Ja dopiero zaraz bede miala obiad :-)
Ale za to jaki... pierwszy raz w zyciu robilam taka kapusciana surowke (z marchewka :-) ) i generalnie smakuje nawet, nawet...a do tego puree i...rybka :) Mimo, ze nienawidze ryb (a owoce morza kocham...), to w ciazy cos mi zawsze odwala :)
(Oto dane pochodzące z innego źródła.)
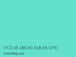 XYZ 43.186,60.518,69.079 Color is a light cyan color and the nearest color is Downy #6fd0c5. Hex code #63e0d0 and RGB value is rgb(99,224,208). In RGB color space, this color is composed of 39% red, 88% green, 82% blue, In CMYK color space, this color is composed of 56% cyan, 0% magenta, 7% yellow , 12% black , In HSL color space, this color has a hue angle of 172° , 67% saturation and 63% lightness.

Latife, powiedziec jasno i wyraznie, ze nie sa tam do szczescia potrzebni... z reszta...jak bedziesz rodzic to i bardziej dosadne teksty przejda, bo w koncu jestes w bolu itd ;)
 
Harsharani rzucanie mięsem w moją teściową nic nie da, nie ten typ kobiety, niestety. Z pewnością co chwila będzie się pytać: rodzisz? a teraz? ;-)
 
Eh i jak ja mam troche czau to tu cisza zeległa...
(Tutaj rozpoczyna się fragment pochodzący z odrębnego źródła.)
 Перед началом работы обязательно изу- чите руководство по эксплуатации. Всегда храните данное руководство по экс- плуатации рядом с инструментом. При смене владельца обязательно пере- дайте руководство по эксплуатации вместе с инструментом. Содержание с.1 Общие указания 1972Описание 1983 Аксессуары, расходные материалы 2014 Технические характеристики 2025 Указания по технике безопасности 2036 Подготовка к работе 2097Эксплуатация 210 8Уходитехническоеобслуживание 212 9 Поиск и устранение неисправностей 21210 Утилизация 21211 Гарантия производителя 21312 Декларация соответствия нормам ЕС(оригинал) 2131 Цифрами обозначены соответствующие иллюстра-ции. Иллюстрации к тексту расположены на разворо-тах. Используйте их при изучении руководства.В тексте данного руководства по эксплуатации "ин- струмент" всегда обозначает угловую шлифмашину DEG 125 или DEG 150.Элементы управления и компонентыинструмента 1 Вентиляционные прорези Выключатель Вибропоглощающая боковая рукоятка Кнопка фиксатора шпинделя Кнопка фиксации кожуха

A od tesciowej zawsze możesz nie odebrać telefonu, tym bardziej na porodówce. Zresztą z rodzącą może byc tylko jedna osoba a nie cały tabun jak w cygańskiej rodzinie
 
reklama
To dopiero byłby poród rodzinny - rodząca i cała rodzina! U mnie walka na pewno będzie z moimi rodzicami, bo oni nie wyobrażają sobie z pewnością nie warowania na korytarzu i zobaczenia dziecięcia od razu. Zawsze zostaje mi lekkie przekłamanie przewidywanego terminu porodu. ;-) Czego się nie robi dla spokoju?

Latife,
co do teściowej - musi się z nią chyba dogadać Twój mąż i ją spacyfikować. Jej OBOWIĄZKIEM jest nawet, jeżeli nie zrozumieć Twoje zdanie i potrzeby, to przynajmniej dostosowanie się do Twojej prośby.

Wetka, jak ja Ci zazdroszczę, że masz już furę!!! A ja nadal na etapie wyboru. Znalazłam dzisiaj jeden wózek, który mi się obłędnie spodobać, ale muszę zrobić dopiero research na jego temat.